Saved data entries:
◆ ◆ ◆ ◆ ◆
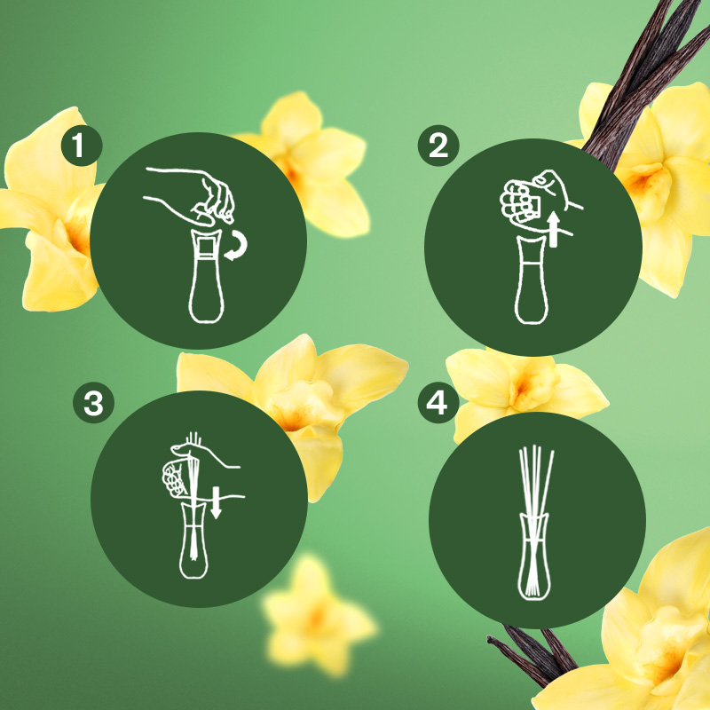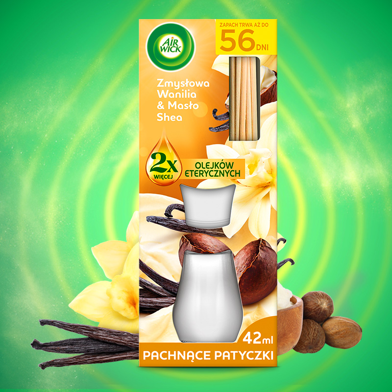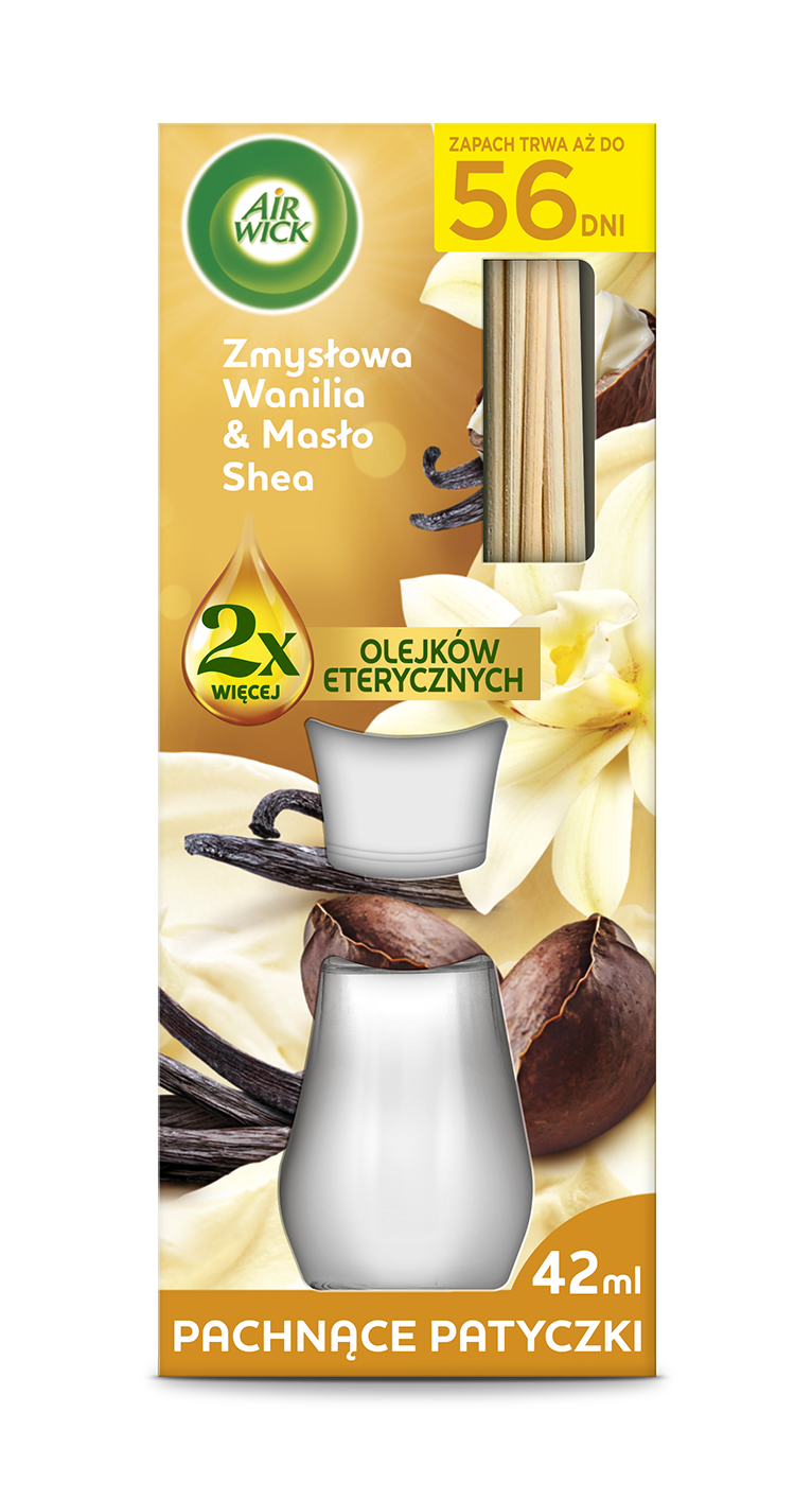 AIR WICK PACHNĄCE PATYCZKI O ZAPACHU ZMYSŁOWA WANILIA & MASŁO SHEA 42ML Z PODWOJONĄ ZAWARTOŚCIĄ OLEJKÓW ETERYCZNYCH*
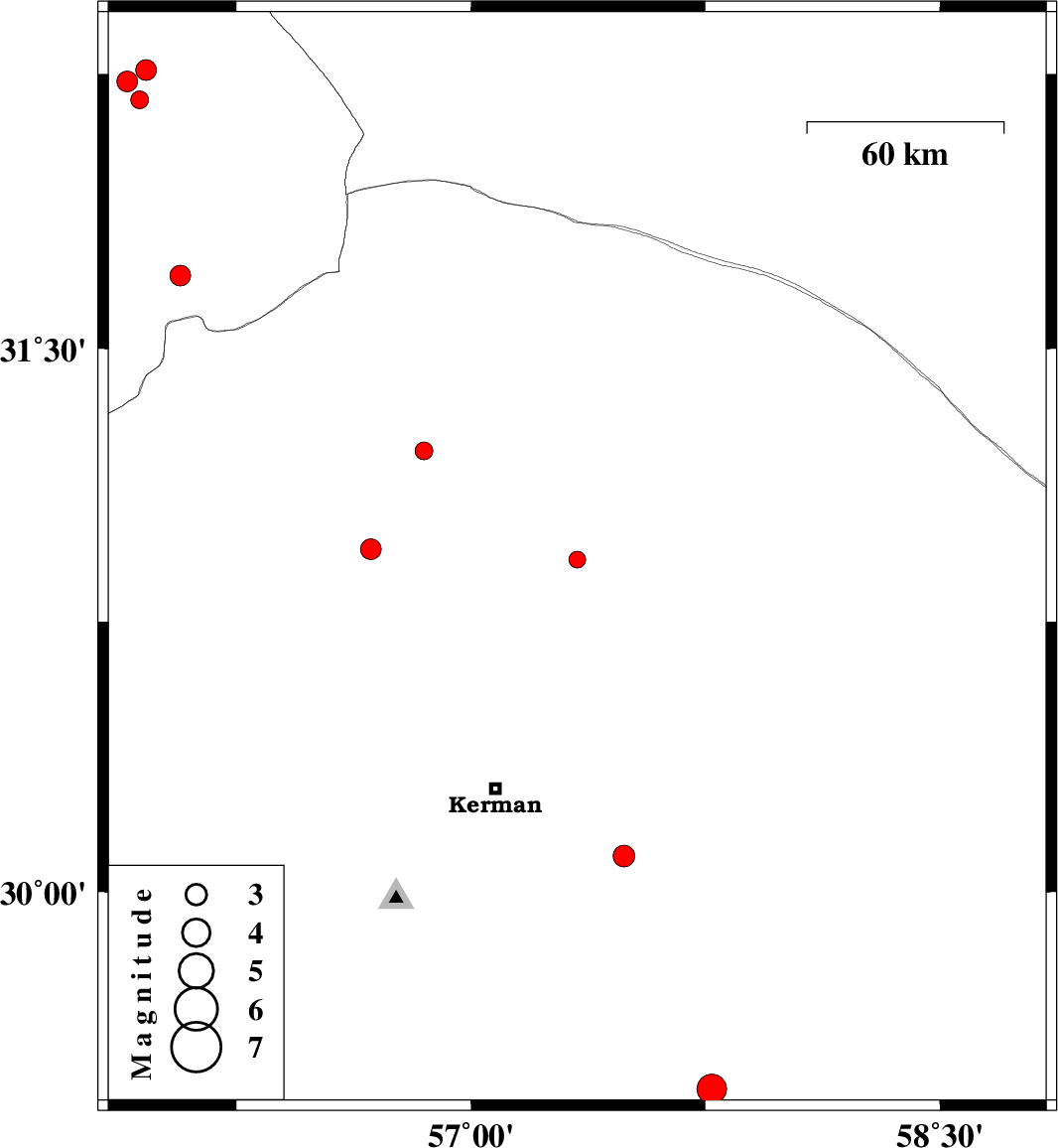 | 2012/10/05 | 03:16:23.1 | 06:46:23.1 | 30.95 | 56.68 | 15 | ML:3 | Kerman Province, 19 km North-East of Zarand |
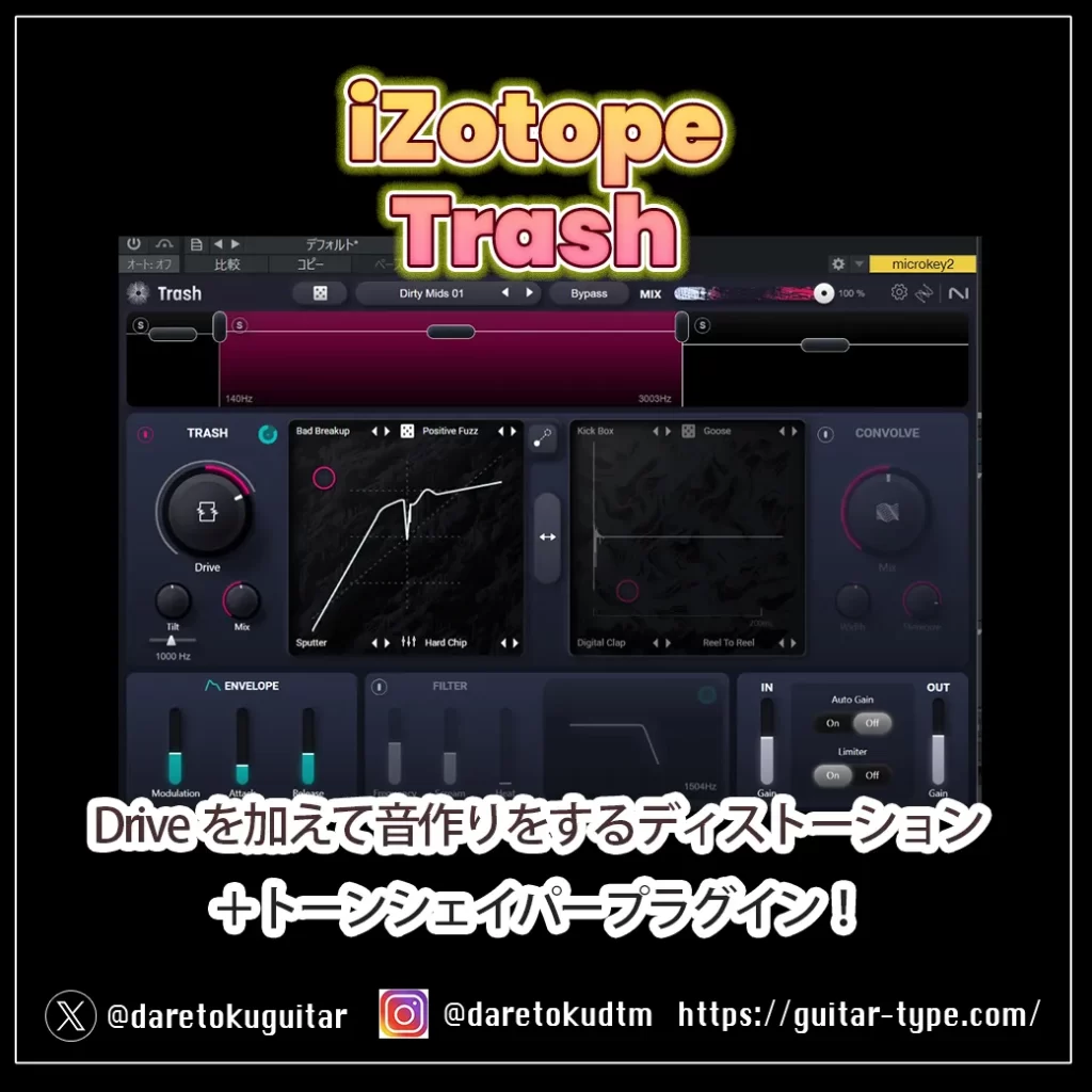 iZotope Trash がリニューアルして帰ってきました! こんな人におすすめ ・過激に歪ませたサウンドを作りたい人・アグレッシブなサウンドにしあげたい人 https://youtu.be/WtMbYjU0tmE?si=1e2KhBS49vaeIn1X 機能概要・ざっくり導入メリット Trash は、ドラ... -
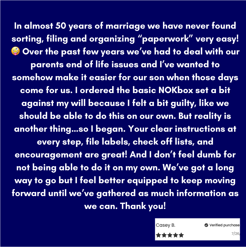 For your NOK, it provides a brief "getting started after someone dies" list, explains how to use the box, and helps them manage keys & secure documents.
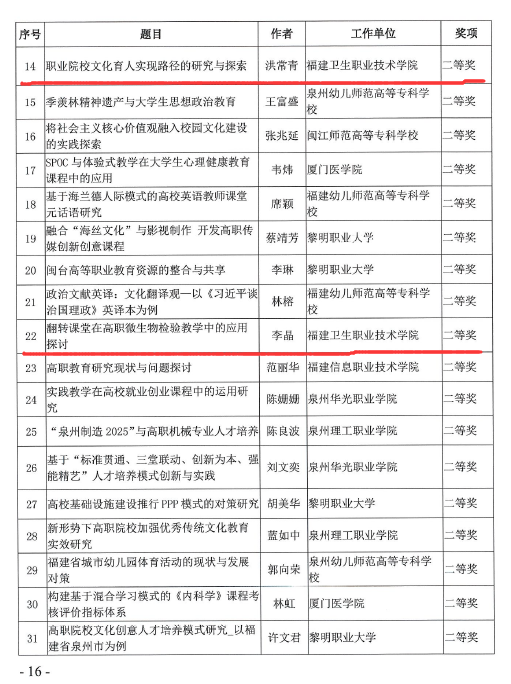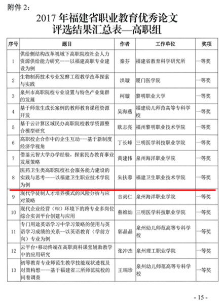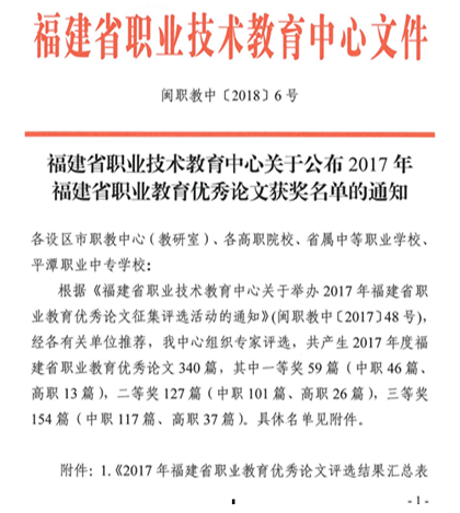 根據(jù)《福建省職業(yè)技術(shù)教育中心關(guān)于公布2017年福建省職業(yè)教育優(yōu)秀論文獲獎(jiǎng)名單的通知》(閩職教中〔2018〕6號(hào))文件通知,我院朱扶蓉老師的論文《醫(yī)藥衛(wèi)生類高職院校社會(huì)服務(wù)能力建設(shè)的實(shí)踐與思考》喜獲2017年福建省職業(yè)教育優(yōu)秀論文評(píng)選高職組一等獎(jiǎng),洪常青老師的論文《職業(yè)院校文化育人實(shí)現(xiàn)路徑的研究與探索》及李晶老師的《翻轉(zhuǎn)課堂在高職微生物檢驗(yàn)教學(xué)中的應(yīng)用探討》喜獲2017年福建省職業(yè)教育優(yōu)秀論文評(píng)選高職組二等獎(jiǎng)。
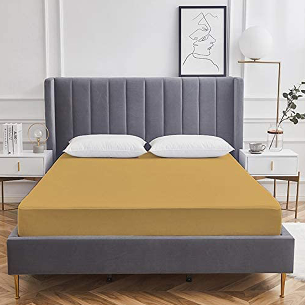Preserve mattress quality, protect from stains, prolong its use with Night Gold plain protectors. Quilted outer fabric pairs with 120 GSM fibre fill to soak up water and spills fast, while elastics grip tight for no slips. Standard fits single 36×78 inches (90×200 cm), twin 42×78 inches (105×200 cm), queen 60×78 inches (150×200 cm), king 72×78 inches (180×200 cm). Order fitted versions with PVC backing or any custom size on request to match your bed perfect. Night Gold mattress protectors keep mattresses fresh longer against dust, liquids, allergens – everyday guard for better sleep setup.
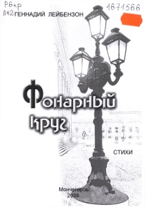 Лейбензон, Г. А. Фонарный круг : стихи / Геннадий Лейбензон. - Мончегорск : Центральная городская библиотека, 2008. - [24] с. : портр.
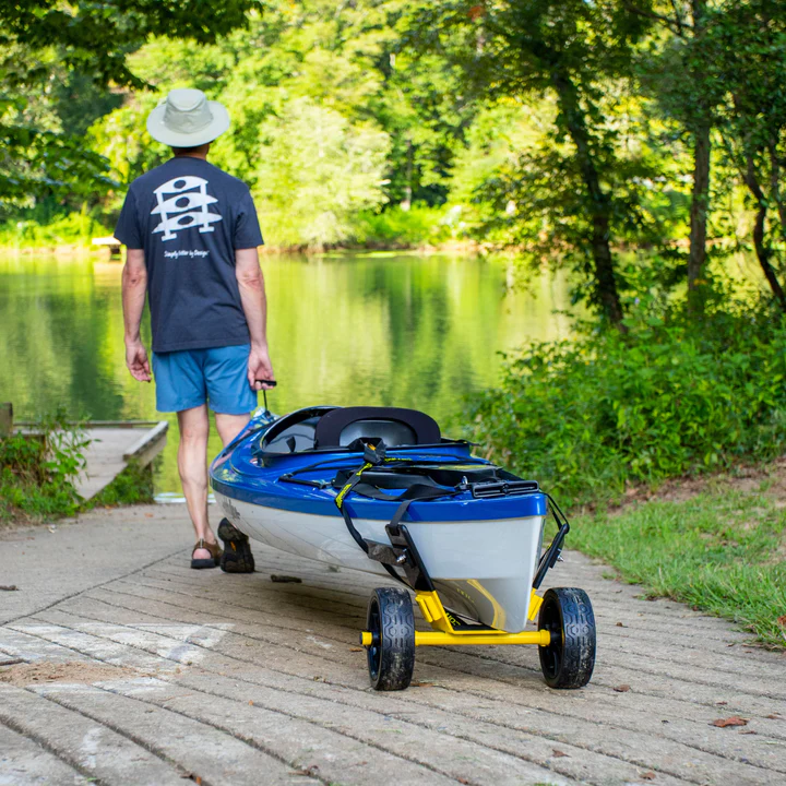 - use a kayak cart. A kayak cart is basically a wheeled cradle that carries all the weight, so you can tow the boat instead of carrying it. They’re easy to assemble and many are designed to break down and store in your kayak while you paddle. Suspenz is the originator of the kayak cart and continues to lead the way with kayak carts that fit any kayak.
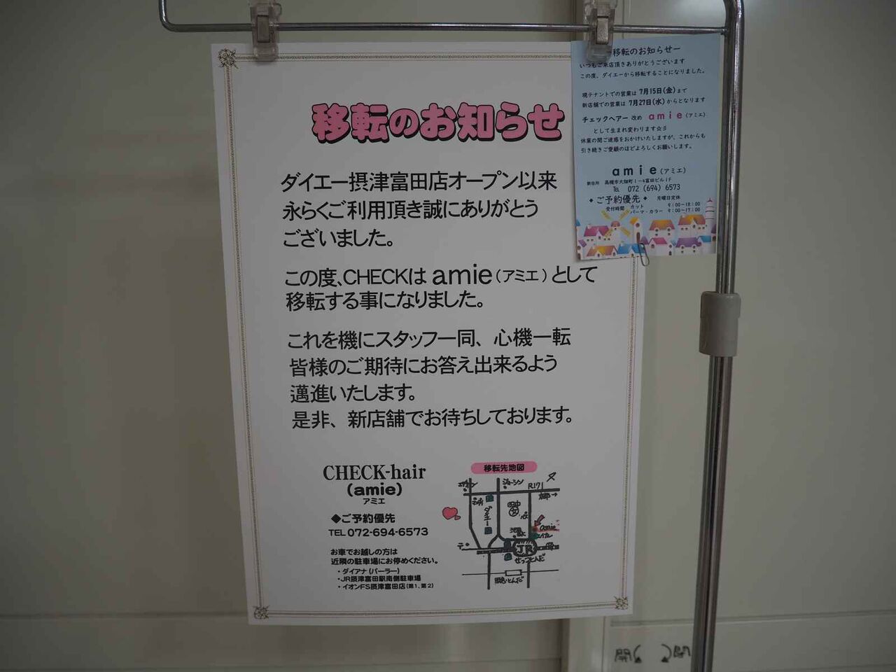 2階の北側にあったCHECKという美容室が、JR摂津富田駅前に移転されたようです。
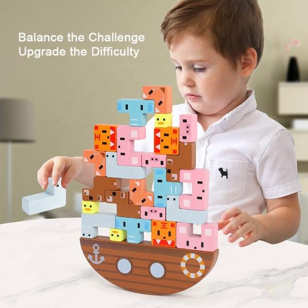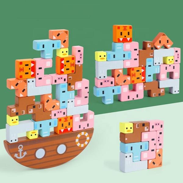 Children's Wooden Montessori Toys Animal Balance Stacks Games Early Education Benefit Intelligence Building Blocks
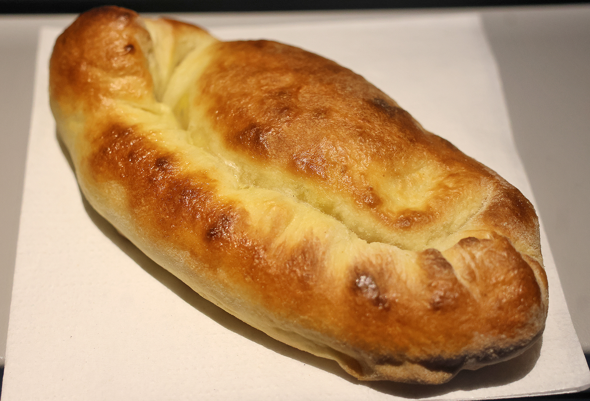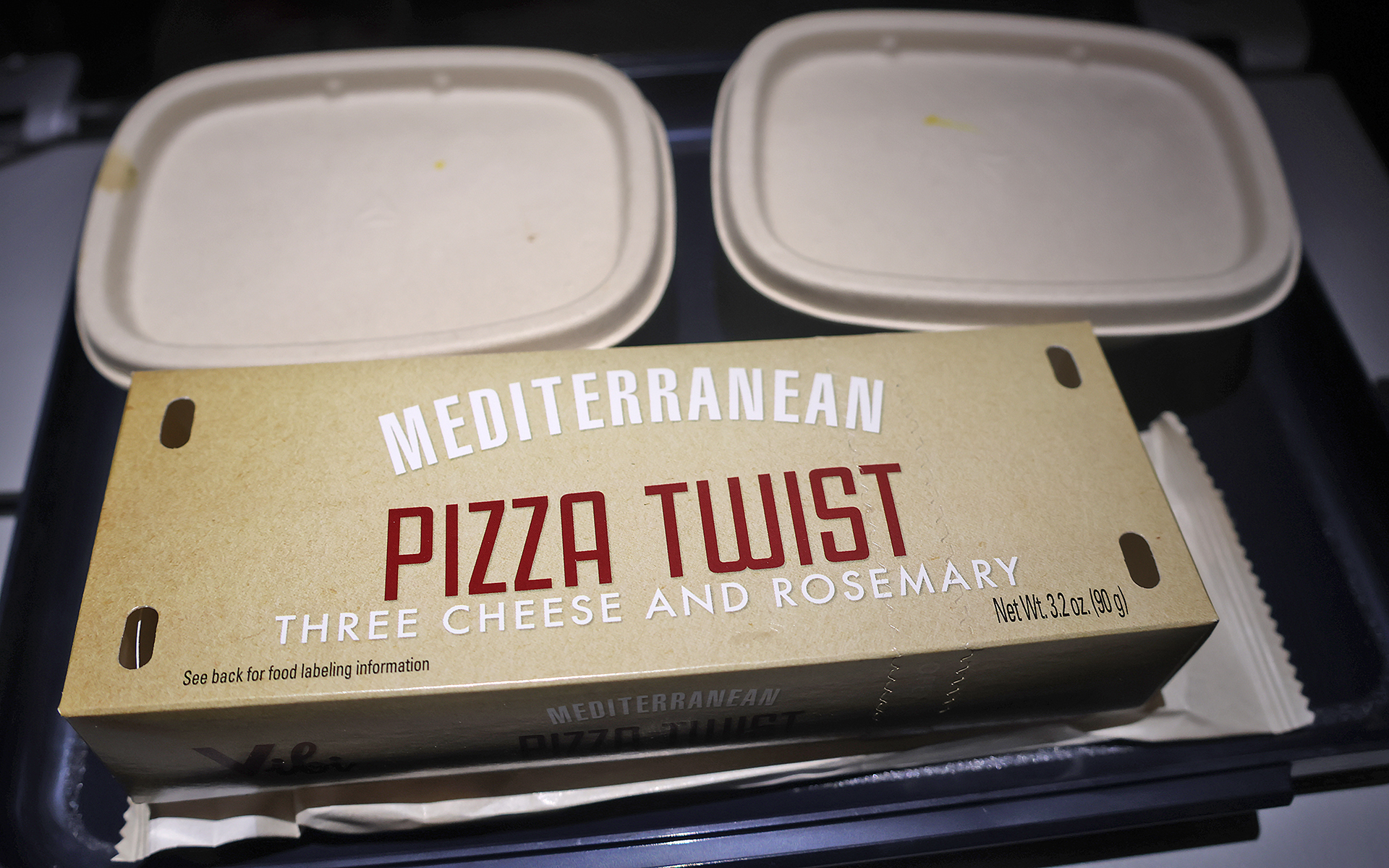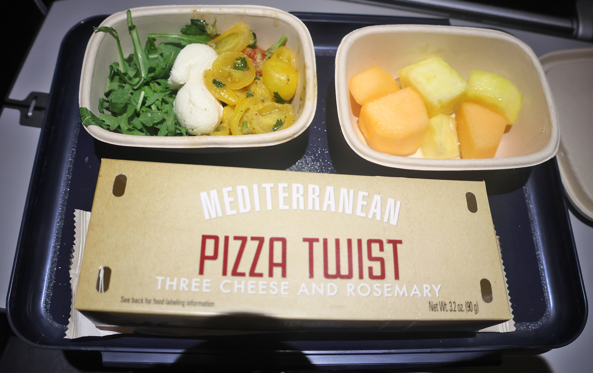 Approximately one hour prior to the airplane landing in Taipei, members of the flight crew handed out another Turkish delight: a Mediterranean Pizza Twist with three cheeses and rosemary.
◆ ◆ ◆ ◆ ◆
Exercise description: Transcribe exactly, please, the lines between the start of the records above and the line holding "根據(jù)《福建省職業(y", counting both of those lines and omitting pictures.

Answer for the task:
 AIR WICK PACHNĄCE PATYCZKI O ZAPACHU ZMYSŁOWA WANILIA & MASŁO SHEA 42ML Z PODWOJONĄ ZAWARTOŚCIĄ OLEJKÓW ETERYCZNYCH*
 | 2012/10/05 | 03:16:23.1 | 06:46:23.1 | 30.95 | 56.68 | 15 | ML:3 | Kerman Province, 19 km North-East of Zarand |
 iZotope Trash がリニューアルして帰ってきました! こんな人におすすめ ・過激に歪ませたサウンドを作りたい人・アグレッシブなサウンドにしあげたい人 https://youtu.be/WtMbYjU0tmE?si=1e2KhBS49vaeIn1X 機能概要・ざっくり導入メリット Trash は、ドラ... -
 For your NOK, it provides a brief "getting started after someone dies" list, explains how to use the box, and helps them manage keys & secure documents.
 根據(jù)《福建省職業(yè)技術(shù)教育中心關(guān)于公布2017年福建省職業(yè)教育優(yōu)秀論文獲獎(jiǎng)名單的通知》(閩職教中〔2018〕6號(hào))文件通知,我院朱扶蓉老師的論文《醫(yī)藥衛(wèi)生類高職院校社會(huì)服務(wù)能力建設(shè)的實(shí)踐與思考》喜獲2017年福建省職業(yè)教育優(yōu)秀論文評(píng)選高職組一等獎(jiǎng),洪常青老師的論文《職業(yè)院校文化育人實(shí)現(xiàn)路徑的研究與探索》及李晶老師的《翻轉(zhuǎn)課堂在高職微生物檢驗(yàn)教學(xué)中的應(yīng)用探討》喜獲2017年福建省職業(yè)教育優(yōu)秀論文評(píng)選高職組二等獎(jiǎng)。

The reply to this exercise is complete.